I know the oaths we took are at times a little vague but at what point did posting things all over the internet about Masonry, publishing books etc. become ok in the eyes of the fraternity? Is this ease of access to information what has contributed to the demise or interest in Freemasonry? Have we now lost an entire generation of Freemasonry to too many 'loose lips'? On the other hand, in places it's still mysterious, would lodges thrive in that environment as does interest in Masonry thrives in those environments? Ease of access to websites and even Masonic books was a little difficult to come by before the Satanic panic of the 80s when Masonry thrived here.

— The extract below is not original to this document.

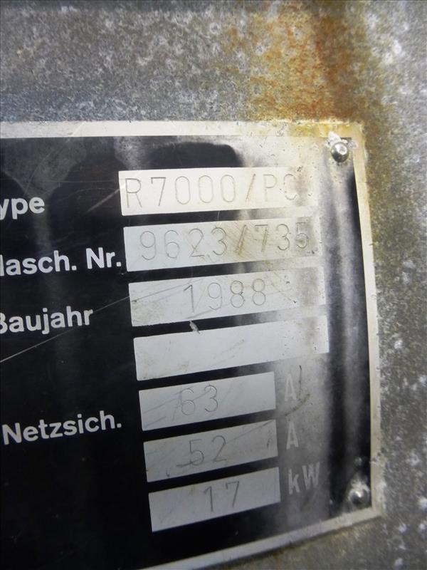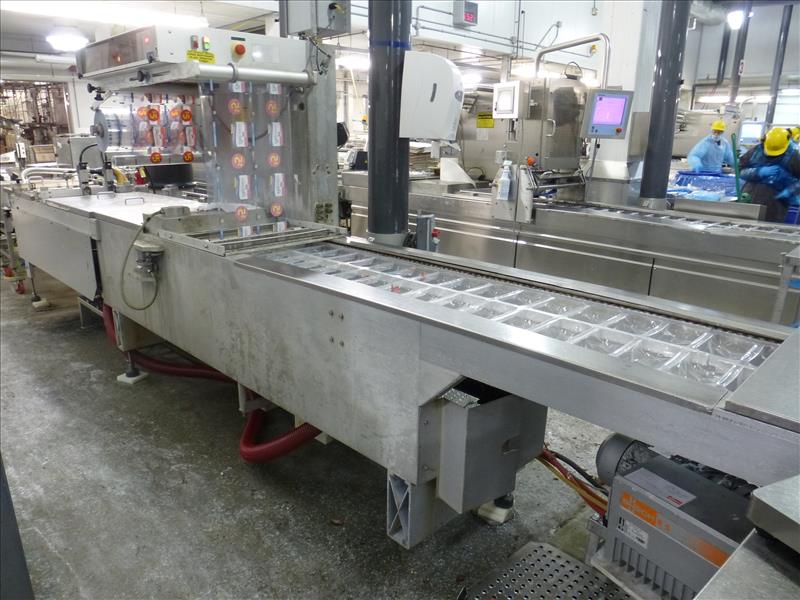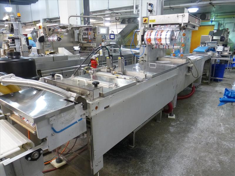 (Slice/Pack Line 7) Multivac horizontal rollstock thermoform-fill-seal packaging machine model R7000/PC ser. no. 9623/735 approx. 459 mm. bed width c/w: gas flush (1) internal vacuum pump cutting system & trim collection canister (2) sets of tooling, approx. 310 mm. repeat length 2-tracks 2-rows (500 gm.) 2-tracks 1-row (1 kg.) gas flush & (1) approx. 235 mm repeat length 2-tracks 1-row gas flush

I see sites on the web, ran by "Masons" that have most, if not all, of the 'secrets' of Masonry (whatever that is) and at the very least much of its philosophy. Why are we not just having these conversations in lodge? Why the books and websites? It discourages attendance at the very least and certainly discourages interest in joining.

Any thoughts?


----------



## coachn (Aug 14, 2018)

CLewey44 said:


> ...at what point did posting things all over the internet about Masonry, publishing books etc. become ok in the eyes of the fraternity?



You're implying it's not ok already.



CLewey44 said:


> ...Is this ease of access to information what has contributed to the demise or interest in Freemasonry?



Nope.



CLewey44 said:


> ...Have we now lost an entire generation of Freemasonry to too many 'loose lips'?



Nope.



CLewey44 said:


> ...On the other hand, in places it's still mysterious, would lodges thrive in that environment as does interest in Masonry thrives in those environments?

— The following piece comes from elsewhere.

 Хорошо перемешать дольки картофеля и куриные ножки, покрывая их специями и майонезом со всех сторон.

Perhaps, but maybe not for the reasons one might assume.



CLewey44 said:


> ...I see sites on the web, ran by "Masons" that have most, if not all, of the 'secrets' of Masonry (whatever that is) and at the very least much of its philosophy. Why are we not just having these conversations in lodge?



Tradition!



CLewey44 said:


> ...Why the books and websites? It discourages attendance at the very least and certainly discourages interest in joining.

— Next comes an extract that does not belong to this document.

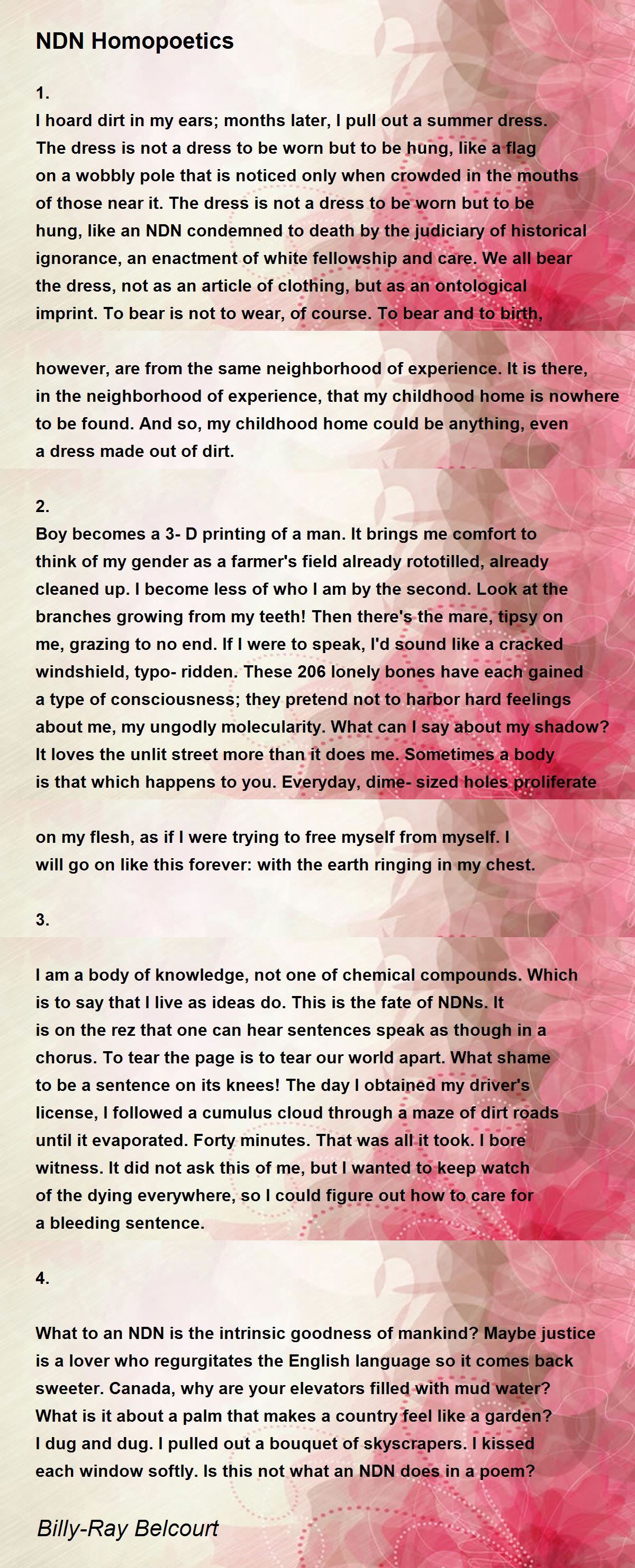 What to an NDN is the intrinsic goodness of mankind? Maybe justice is a lover who regurgitates the English language so it comes back sweeter. Canada, why are your elevators filled with mud water? What is it about a palm that makes a country feel like a garden? I dug and dug. I pulled out a bouquet of skyscrapers. I kissed each window softly. Is this not what an NDN does in a poem?

Not if it's giving seekers what they want.



CLewey44 said:


> ...Any thoughts?



Nope ;-)


----------



## LK600 (Aug 14, 2018)

CLewey44 said:


> I see sites on the web, ran by "Masons" that have most, if not all, of the 'secrets' of Masonry (whatever that is) and at the very least much of its philosophy.



I have no issue with a masonic website explaining things to include philosophy (obviously since I run one).  I do take issue with a small number of sites (some not run by regular "Masons") that put forth the ritual (in detail) along with signs of recognition etc.  



CLewey44 said:


> Ease of access to websites and even Masonic books was a little difficult to come by before the Satanic panic of the 80s when Masonry thrived here.



Most of my Masonic books range from between the 1880's - 1950's, though I have collected several new that are great.  Our Philosophy is and really has never been a secret since it's based on works from BCE.  (....waiting on Coachn to advise the difference between a Masonic Library and a Free-masonic library lol.... He'd be right.)



CLewey44 said:


> it's human nature to want something we cannot obtain



I would alter this to "it's human nature to want something we are unwilling to work for".


----------



## CLewey44 (Aug 14, 2018)

I hear you both, just wanted to point out that books from 1880s to 1950s were very difficult to come by for non-Masons vs. today.  No B&N or internet back then to buy them. Most libraries didn't carry them. Just wanted to make that quick point.


----------



## coachn (Aug 14, 2018)

LK600 said:


> ...Most of my Masonic books range from between the 1880's - 1950's, though I have collected several new that are great.  Our Philosophy is and really has never been a secret since it's based on works from BCE.  (....waiting on Coachn to advise the difference between a Masonic Library and a Free-masonic library lol.... He'd be right.)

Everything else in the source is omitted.